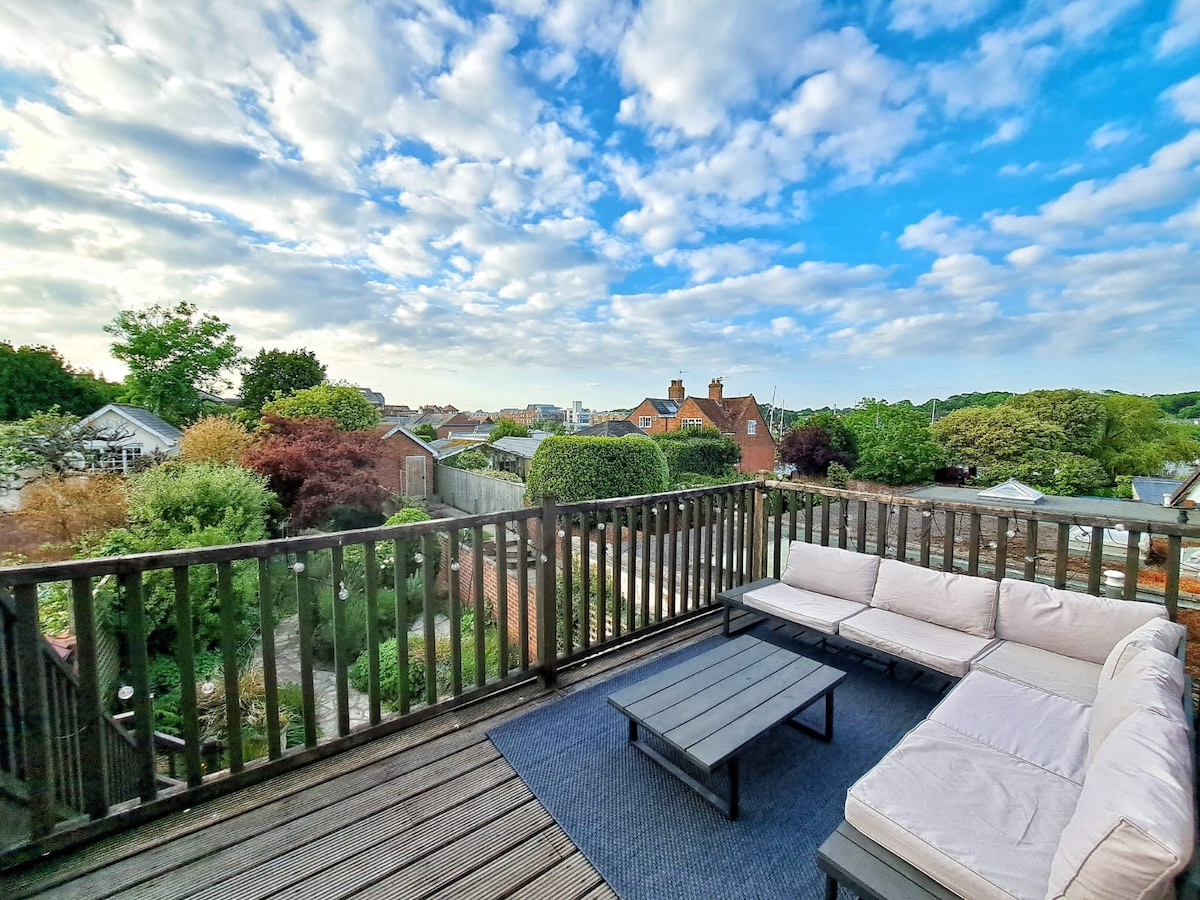 Wake up to stunning views with water on both sides. Picture yourself drinking a glass of wine on either of the 2 balconies as you soak in the beautiful surroundings A light & relaxing 3 story townhouse standing on stilts in a peaceful marina surrounded by lots of nature walks & wild life. Located on the River Medina, close to Newport, nothing is too far away. River bank walks, cycle paths & plenty of green space. You will be sure to have a very relaxing & comfortable stay in this lovely home.
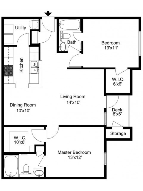 Modelo de apartamento: Scotch1 Dormitorio, 1 Baño, 642 sq ftNo Disponible![]()
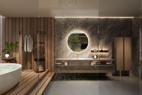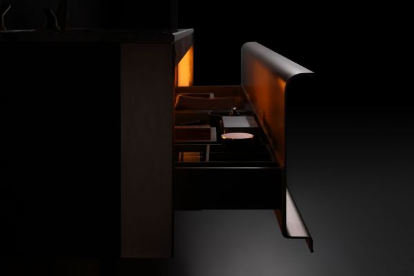 “逐日”柜子岩板、金属、灯光相结合,金属开放格在灯光的映射下闪闪发光,将追逐力量以沉浸的方式传递,为大空间设计的浴室柜,突显无法量化的奢华美。金属开放格,金属与木的结合,金属刚劲有力的感觉与木的优雅相互映衬,让力与美表达得淋漓尽致,型材拉手,与厚重的台面形成强烈的对比,视觉上减轻了整体的笨重感。
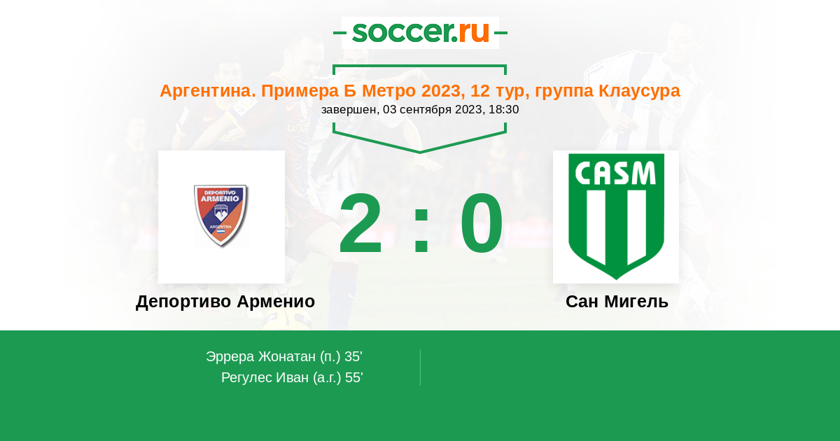Аргентина. Примера С Метро 2 1 0 1
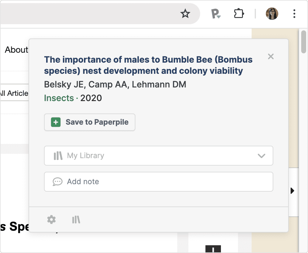 On every page you visit, you can click the Paperpile button (”P”) and select Save to Paperpile to save the reference and any associated PDF to your library.
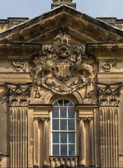 English Baroque architecture is far from common. This is a detail of the Baroque West Front of Wentworth Woodhouse in Rotherham, followed by the expanse, the whole of the West Front.
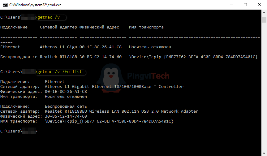 getmac — покажет информацию о MAC-адресе для всех физических устройств компьютера. По моему скромному мнению является предпочтительной, потому что не усложняет жизнь пользователю лишней информацией.
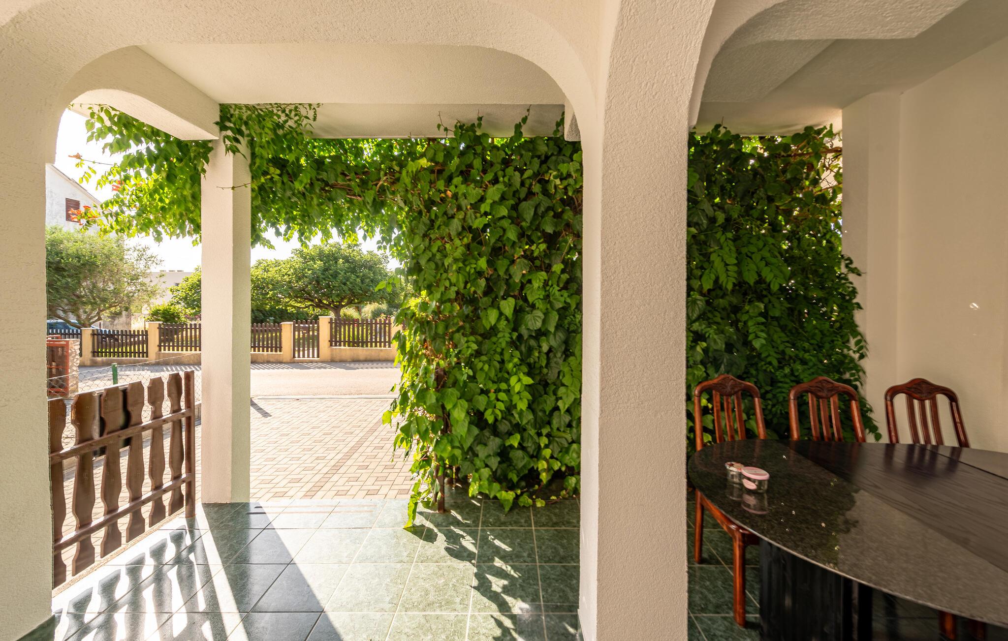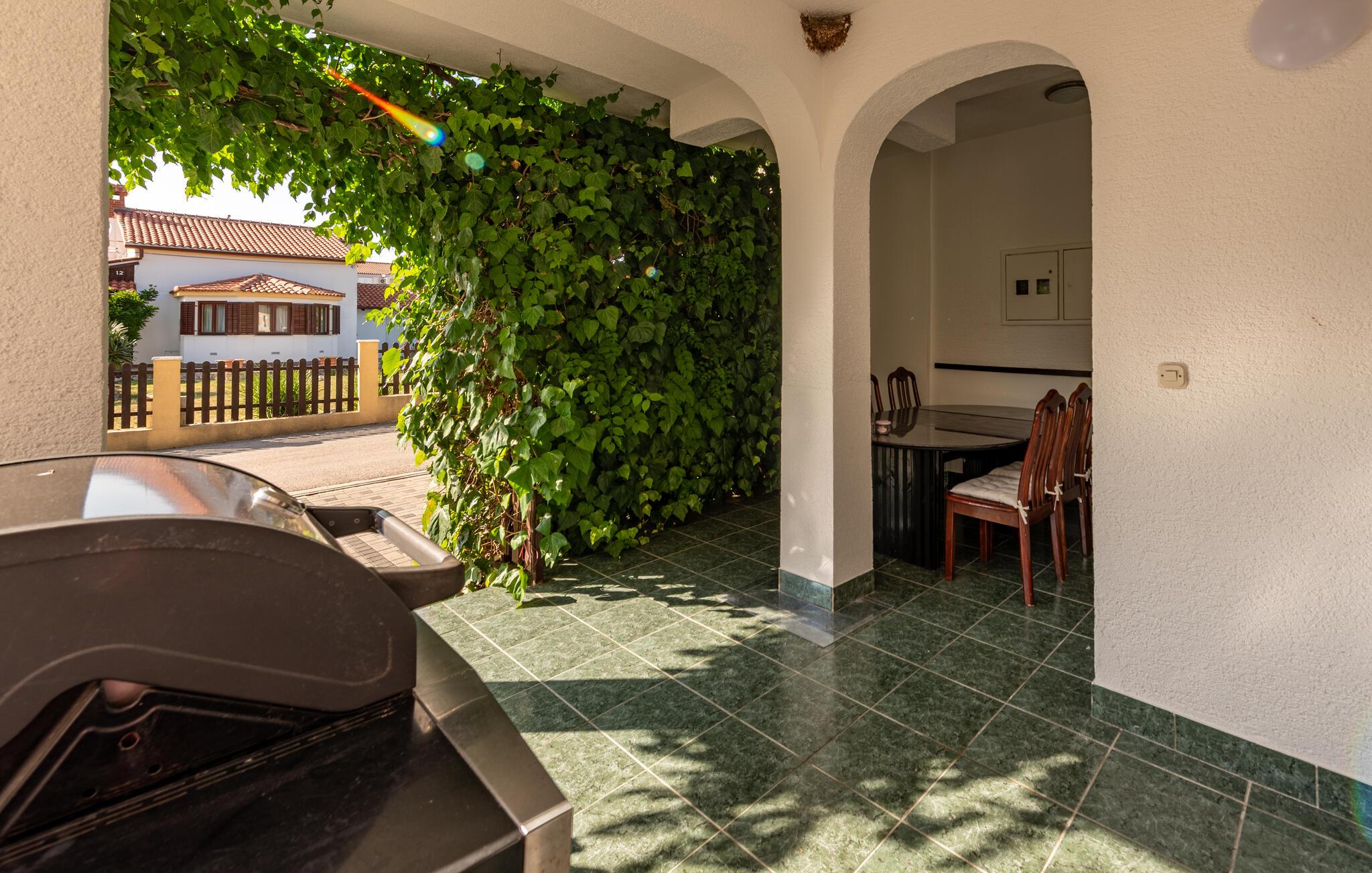 Dæk op til en lækker morgenmad i den milde morgensol, fordyb jer i jeres ferielæsning på de behagelige liggestole, og forbered alt til en stemningsfuld grillaften på den skyggefulde, overdækkede terrasse.
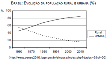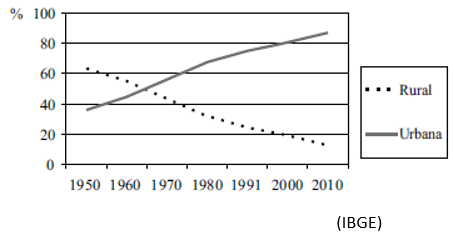 A leitura do gráfico e os conhecimentos sobre a dinâmica demográfica brasileira permitem afirmar que, percentualmente, a população
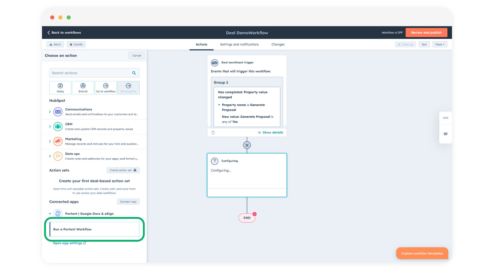 Once your workflow is set up and tested, you can trigger Portant to create the QBR from a HubSpot workflow:
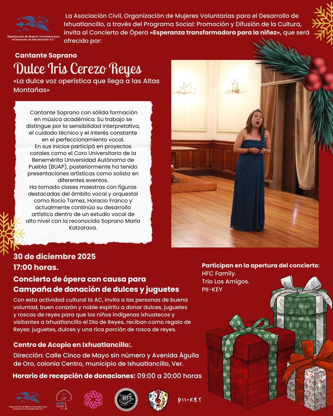 Ixhuatlancillo, Ver.– Con el objetivo de promover la cultura y fortalecer la solidaridad social, la Asociación Civil Organización de Mujeres Voluntarias para el Desarrollo de Ixhuatlancillo, a través de su Programa Social de Promoción y Difusión de la Cultura, realizará el Concierto de Ópera “Esperanza transformadora para la niñez”, el próximo 30 de diciembre de 2025, a las 17:00 horas.
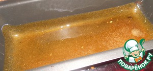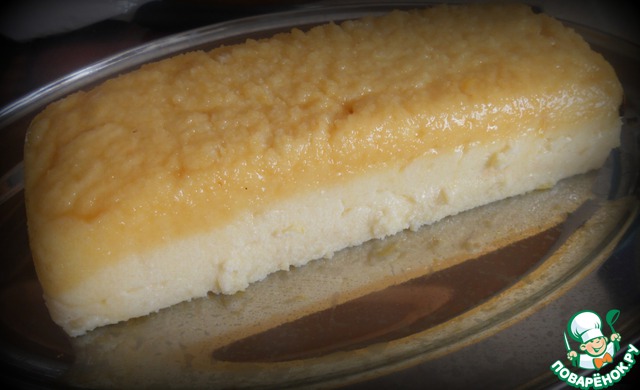 Манку накрываем, что б она не остыла. Теперь ставим на огонь сок с сахаром и варим до темного цвета и характерного запаха. Отсюда и название десерта- жженый сахар! Форму ничем не смазываем!!! Выливаем в нее жженый сахар, распределяем по всей форме и делаем "бортики".

★ ★ ★ ★

TASK TO CARRY OUT » Would it be possible to give the material above again exactly, with the pictures left out?

OUTPUT BELOW »
 Wake up to stunning views with water on both sides. Picture yourself drinking a glass of wine on either of the 2 balconies as you soak in the beautiful surroundings A light & relaxing 3 story townhouse standing on stilts in a peaceful marina surrounded by lots of nature walks & wild life. Located on the River Medina, close to Newport, nothing is too far away. River bank walks, cycle paths & plenty of green space. You will be sure to have a very relaxing & comfortable stay in this lovely home.
 Modelo de apartamento: Scotch1 Dormitorio, 1 Baño, 642 sq ftNo Disponible![]()
 “逐日”柜子岩板、金属、灯光相结合,金属开放格在灯光的映射下闪闪发光,将追逐力量以沉浸的方式传递,为大空间设计的浴室柜,突显无法量化的奢华美。金属开放格,金属与木的结合,金属刚劲有力的感觉与木的优雅相互映衬,让力与美表达得淋漓尽致,型材拉手,与厚重的台面形成强烈的对比,视觉上减轻了整体的笨重感。
Аргентина. Примера С Метро 2 1 0 1
 On every page you visit, you can click the Paperpile button (”P”) and select Save to Paperpile to save the reference and any associated PDF to your library.
 English Baroque architecture is far from common. This is a detail of the Baroque West Front of Wentworth Woodhouse in Rotherham, followed by the expanse, the whole of the West Front.
 getmac — покажет информацию о MAC-адресе для всех физических устройств компьютера. По моему скромному мнению является предпочтительной, потому что не усложняет жизнь пользователю лишней информацией.
 Dæk op til en lækker morgenmad i den milde morgensol, fordyb jer i jeres ferielæsning på de behagelige liggestole, og forbered alt til en stemningsfuld grillaften på den skyggefulde, overdækkede terrasse.
 A leitura do gráfico e os conhecimentos sobre a dinâmica demográfica brasileira permitem afirmar que, percentualmente, a população
 Once your workflow is set up and tested, you can trigger Portant to create the QBR from a HubSpot workflow:
 Ixhuatlancillo, Ver.– Con el objetivo de promover la cultura y fortalecer la solidaridad social, la Asociación Civil Organización de Mujeres Voluntarias para el Desarrollo de Ixhuatlancillo, a través de su Programa Social de Promoción y Difusión de la Cultura, realizará el Concierto de Ópera “Esperanza transformadora para la niñez”, el próximo 30 de diciembre de 2025, a las 17:00 horas.
 Манку накрываем, что б она не остыла. Теперь ставим на огонь сок с сахаром и варим до темного цвета и характерного запаха. Отсюда и название десерта- жженый сахар! Форму ничем не смазываем!!! Выливаем в нее жженый сахар, распределяем по всей форме и делаем "бортики".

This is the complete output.